Tuesday, June 26, 2018

The day my grandfather became my hero.

Remember the “blank/crank call” phenomenon of the 90s? This was before Caller ID and cell phones. Some of you know what I'm talking about. Probably you've lived through it yourself. For those of you raising your eyebrows in question, here's what would happen.
Every so often, you would get this weird call from God-knows-who. You would hold the slightly musty receiver and say “hello”. Complete silence or worse - creepy breathing from the other side. You would gulp and say hello a few more times. Nothing. Your mom would ask “who is it” repeatedly in an increasingly loud voice and your dad would say “give me the phone, I’ll handle it”. Then all hell would break loose. Your mom would look irritated and your dad would yell a few choice expletives into the hot receiver and you would just roll your eyes and go back to watching “ Closeup Antakshari”.
This happened so often in Mumbai that after a while, I just stopped answering the phone. I let my dad handle the crank calls and expand his swear word vocabulary. Sometimes if my mom was feeling particularly annoyed, she would look at the phone wistfully; hoping it would ring so she would have someone to dump all her wrath on.
The crank calls were a big part of our days. Sometimes they were a Godsend- the phone ringing exactly when we were about to enter a dicey discussion regarding my grades. I could have practically kissed the crank caller then.
And sometimes, they came at the most inopportune moments -right when they were announcing the “filmfare best actor” award. Or worse, right when a young mustachioed Sachin was going to hit a sixer/ get clean bowled to end the match. I would have happily throttled the crank caller with his own phone cord then.
After a particularly busy summer, where we received no less than 5 blank calls a week, my dad called a family meeting. He was developing a sore throat from all the yelling into the phone.
“This must stop,” he said in a hoarse whisper.
I secretly thought that, for him, the magic of screaming at an unknown creep had gone.
“Big inconvenience, answering the phone for bloody, wasteful calls”, he said, his face turning an interesting shade of red. My mom nodded furiously. The Titan Cup was just around the corner and being a hardcore Cricket fan, she wanted nothing and no one’s heavy breathing to interrupt her focus.
“Should we call the police? ”, she asked. After all the (empty) police threats she had promised the crank caller, she felt that maybe it was time to keep her end of the deal.
“No, no police,” said my dad gruffly. “How will they trace the bloody buggers?”
The situation sat there, unresolved while my dad chewed on his mustache.
“And which police branch will I call anyway?” he said suddenly. Peering suspiciously at my mom he muttered, “I don’t want to bribe anyone!”, as if she had suggested buying the entire police force with the family gold.

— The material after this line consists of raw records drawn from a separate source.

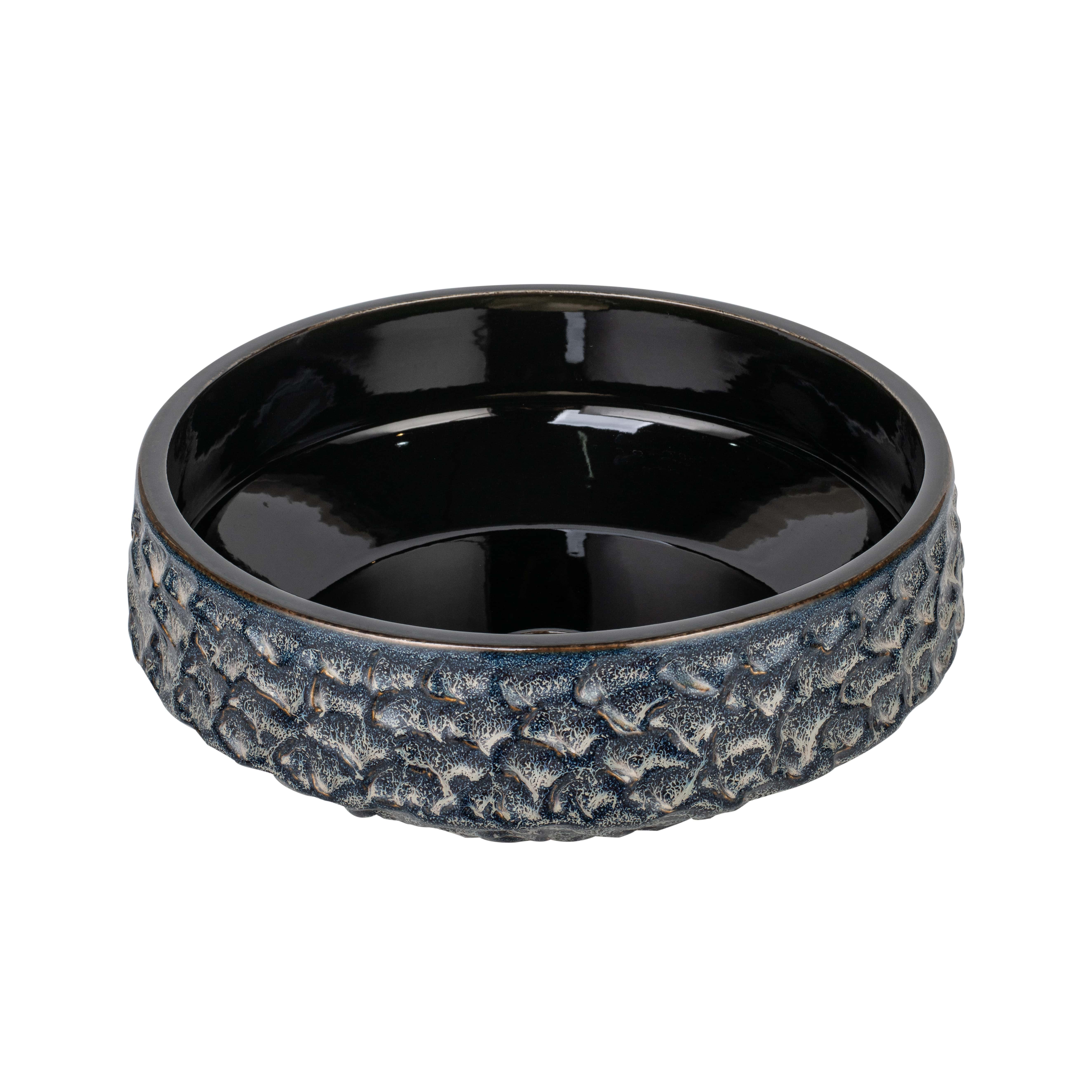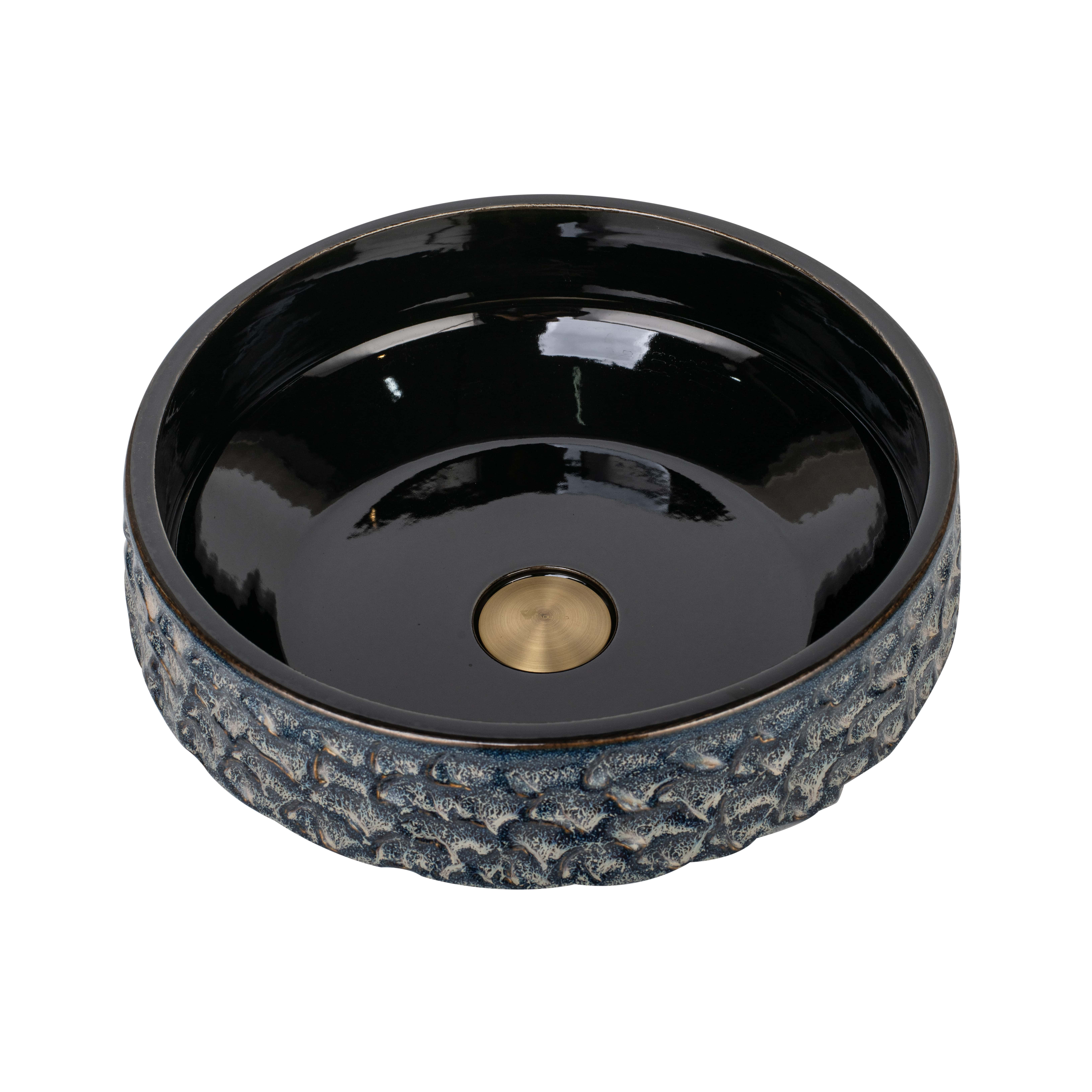 Đặc điểm cơ bản: lắp đặt lavabo để mặt bàn, hoa văn vẽ thủ công tinh xảo, kết hợp cùng vòi bằng đồng thau đúc hoàn thiện bề mặt tông màu sáng bóng.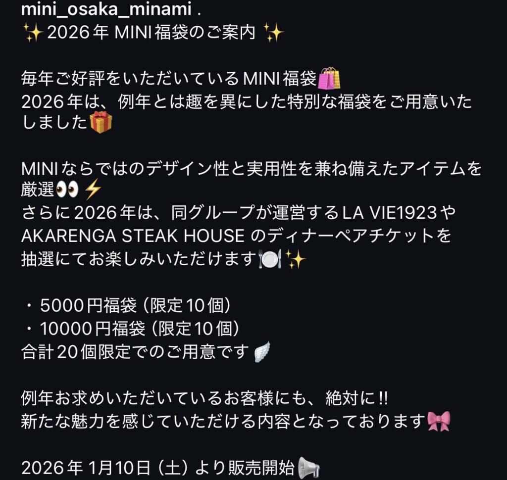 2026年1月10日 9:00~ MINI福袋販売開始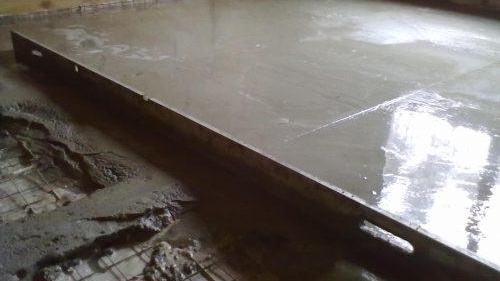 Après avoir installé les balises, ils passent à l'étape principale du dispositif de chape - son coulage. La solution est préparée dans un malaxeur à mortier, si la zone à remplir est grande, ou avec un malaxeur dans un récipient de 30 litres, si la chape est coulée dans l'appartement. Considérez comment remplir correctement la chape. Le mélange fini est réparti dans des seaux entre les profils de balises installés, nivelé et finalement nivelé à l'aide d'une règle qui repose sur les côtés des balises installées. La surface extérieure est amenée à la qualité requise avec une truelle ou une râpe. L'ensemble du processus de remplissage se déroule en poignées en partant du coin le plus éloigné et en se déplaçant vers la porte. C'est la partie la plus critique du travail sur le dispositif de chape et la plus longue. Par conséquent, il est préférable de remplir une chape de ciment ou de béton avec un lien de trois ou quatre personnes.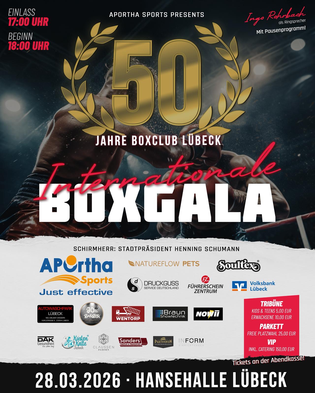 Erlebt ein Stück Lübecker Sportgeschichte live! Der Boxclub Lübeck feiert sein 50-jähriges Bestehen mit einer internationalen Boxgala der Extraklasse. Nach unserem grandiosen Rekord von 1.600 Zuschauern wollen wir nun gemeinsam mit euch die Hansehalle zum Beben bringen und die magische Marke von 2.000 Fans knacken.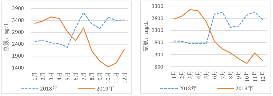 圖11 2018、2019年生活垃圾分類前后滲瀝液水質(zhì)中氨氮、有機氮變化趨勢
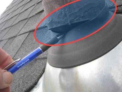 DAMAGED SEWER VENT BOOT The plumbing boot was damaged and is subject to leakage. Water stains were observed on the 2nd floor that appear to be associated with this condition. Contact a licensed building contractor for repair. One option is to replace the entire boot. Another is to utilize a repair boot that slips over the existing plumbing boot.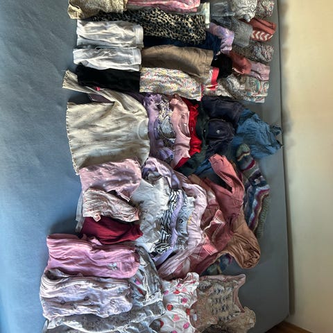 Stor klespakke til jente med både fintøy og hverdagsklær, noen flekker kan forekomme, men det meste i veldig god stand.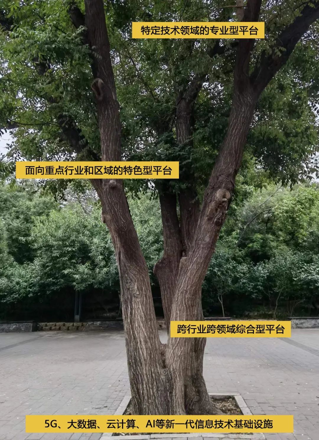 如果把三个层次的平台之间的关系可以比喻成一棵大树。那么,5G、AI、大数据和云计算等工业互联网基础设施是树根,综合性平台是树干,特色型平台是大树枝,而专业型平台则是小树枝。

At the word “bribe”, my grandfather who was nodding drowsily in the corner perked up. Generations of South Indian blood flowed in his old veins. Along with a fondness for filter coffee, he had inherited a strong tendency to never part with his money unless forced to. “Bribe? What nonsense”, he said.
“It’s all the blank calls, Appa”, my dad mumbled and proceeded to explain the whole situation to him.
When he finished, my grandfather looked smug. “I know how to handle those rascals”, he said glibly. Then he proceeded to share his secret with us.
Apparently, he had spent his own share of loud squawking at the crank callers. Then he got smart.
Every time his phone rang, he picked up the receiver and stayed absolutely silent. Occasionally did some heavy breathing of his own.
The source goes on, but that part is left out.